**Problem to work on:** From the records below, output exactly the lines starting at the line with "1. 프로젝트를 길게" and ending at the line with "リボン、学ラン、ストライプ、", both of them included, but no pictures.

**Source material:**
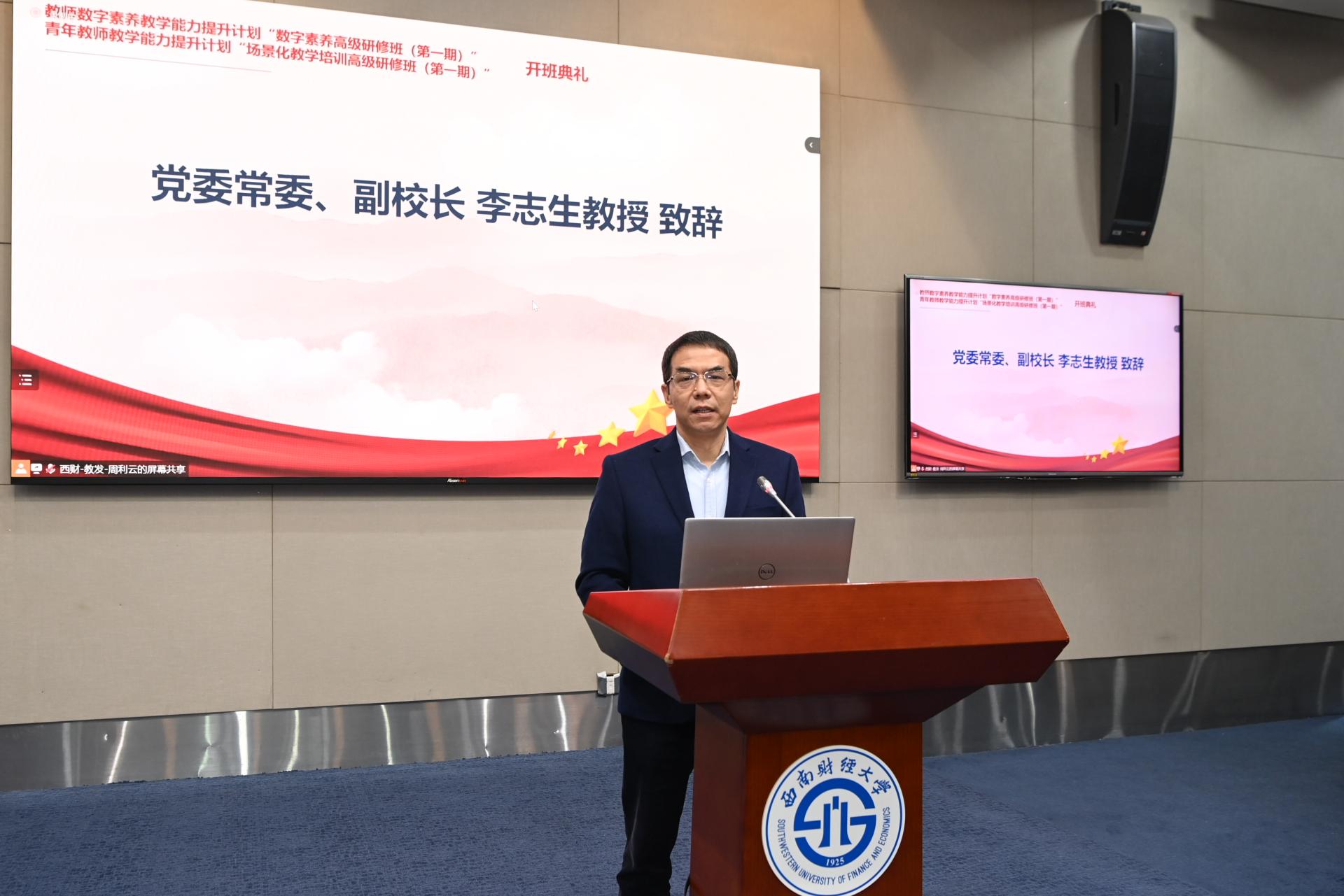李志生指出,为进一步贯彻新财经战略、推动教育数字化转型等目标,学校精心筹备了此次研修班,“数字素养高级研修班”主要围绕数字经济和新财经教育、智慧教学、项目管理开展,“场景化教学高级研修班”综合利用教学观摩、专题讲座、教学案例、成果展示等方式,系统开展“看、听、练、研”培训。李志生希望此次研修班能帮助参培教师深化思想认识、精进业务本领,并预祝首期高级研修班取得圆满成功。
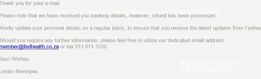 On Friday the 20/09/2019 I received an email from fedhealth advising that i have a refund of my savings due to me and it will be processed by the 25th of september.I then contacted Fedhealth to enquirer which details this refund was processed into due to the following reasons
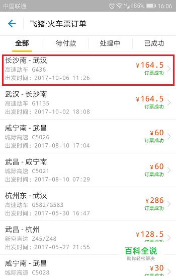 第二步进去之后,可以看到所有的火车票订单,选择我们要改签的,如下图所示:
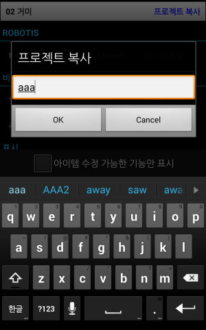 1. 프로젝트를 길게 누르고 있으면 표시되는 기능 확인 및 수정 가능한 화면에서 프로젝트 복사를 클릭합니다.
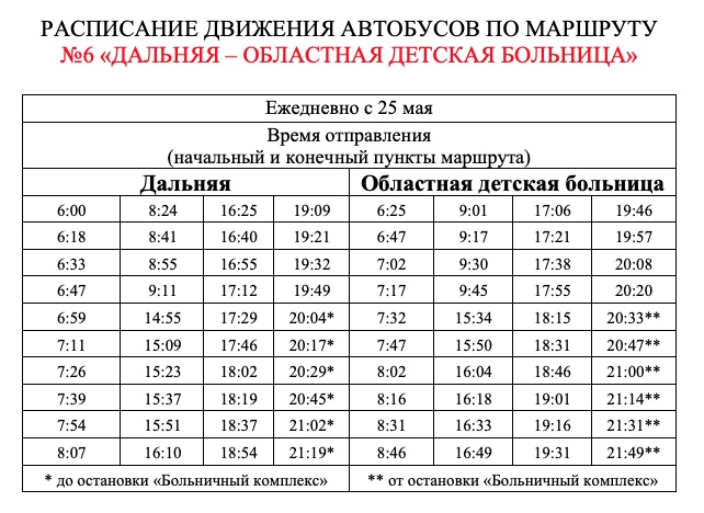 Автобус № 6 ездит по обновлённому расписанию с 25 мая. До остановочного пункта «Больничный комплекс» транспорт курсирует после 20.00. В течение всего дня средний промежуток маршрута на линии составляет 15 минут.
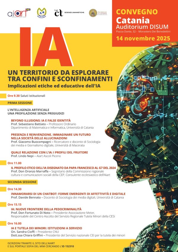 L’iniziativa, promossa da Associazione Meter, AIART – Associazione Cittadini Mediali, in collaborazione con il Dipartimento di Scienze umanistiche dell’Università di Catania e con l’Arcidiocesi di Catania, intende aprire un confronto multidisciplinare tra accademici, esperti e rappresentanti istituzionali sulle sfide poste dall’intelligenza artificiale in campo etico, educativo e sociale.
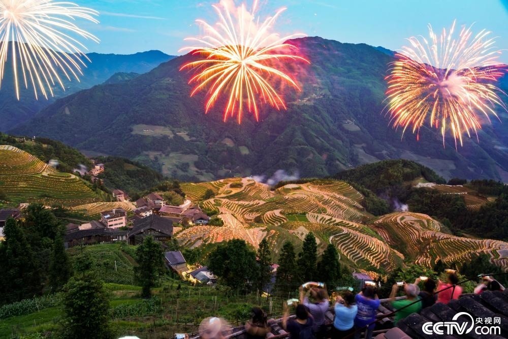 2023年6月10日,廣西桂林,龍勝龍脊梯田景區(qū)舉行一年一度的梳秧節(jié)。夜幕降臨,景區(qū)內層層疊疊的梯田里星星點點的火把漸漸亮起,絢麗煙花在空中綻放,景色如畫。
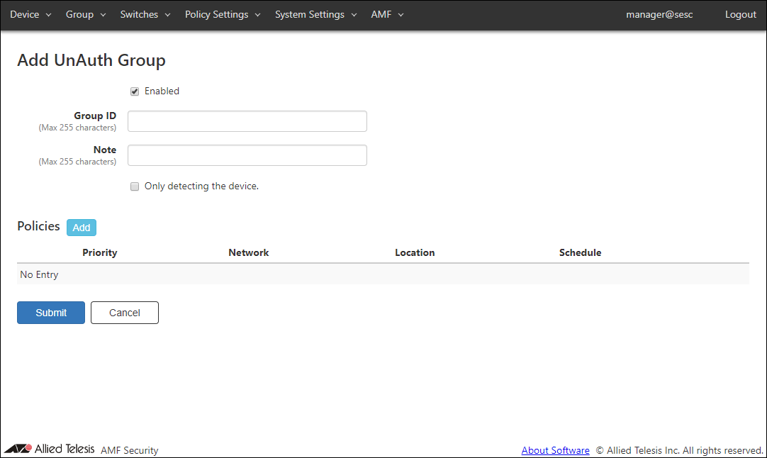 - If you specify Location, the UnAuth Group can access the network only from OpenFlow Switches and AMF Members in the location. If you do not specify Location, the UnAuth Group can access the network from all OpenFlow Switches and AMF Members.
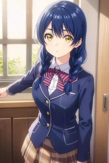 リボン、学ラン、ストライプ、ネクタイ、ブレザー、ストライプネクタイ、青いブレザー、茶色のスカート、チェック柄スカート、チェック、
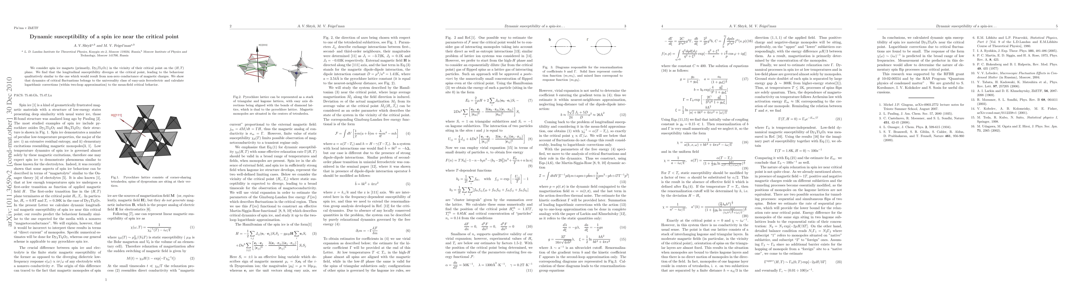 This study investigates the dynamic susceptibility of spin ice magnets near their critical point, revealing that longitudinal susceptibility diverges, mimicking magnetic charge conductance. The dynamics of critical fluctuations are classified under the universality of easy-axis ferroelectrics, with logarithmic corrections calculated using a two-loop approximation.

**Problem solution:**
 1. 프로젝트를 길게 누르고 있으면 표시되는 기능 확인 및 수정 가능한 화면에서 프로젝트 복사를 클릭합니다.
 Автобус № 6 ездит по обновлённому расписанию с 25 мая. До остановочного пункта «Больничный комплекс» транспорт курсирует после 20.00. В течение всего дня средний промежуток маршрута на линии составляет 15 минут.
 L’iniziativa, promossa da Associazione Meter, AIART – Associazione Cittadini Mediali, in collaborazione con il Dipartimento di Scienze umanistiche dell’Università di Catania e con l’Arcidiocesi di Catania, intende aprire un confronto multidisciplinare tra accademici, esperti e rappresentanti istituzionali sulle sfide poste dall’intelligenza artificiale in campo etico, educativo e sociale.
 2023年6月10日,廣西桂林,龍勝龍脊梯田景區(qū)舉行一年一度的梳秧節(jié)。夜幕降臨,景區(qū)內層層疊疊的梯田里星星點點的火把漸漸亮起,絢麗煙花在空中綻放,景色如畫。
 - If you specify Location, the UnAuth Group can access the network only from OpenFlow Switches and AMF Members in the location. If you do not specify Location, the UnAuth Group can access the network from all OpenFlow Switches and AMF Members.
 リボン、学ラン、ストライプ、ネクタイ、ブレザー、ストライプネクタイ、青いブレザー、茶色のスカート、チェック柄スカート、チェック、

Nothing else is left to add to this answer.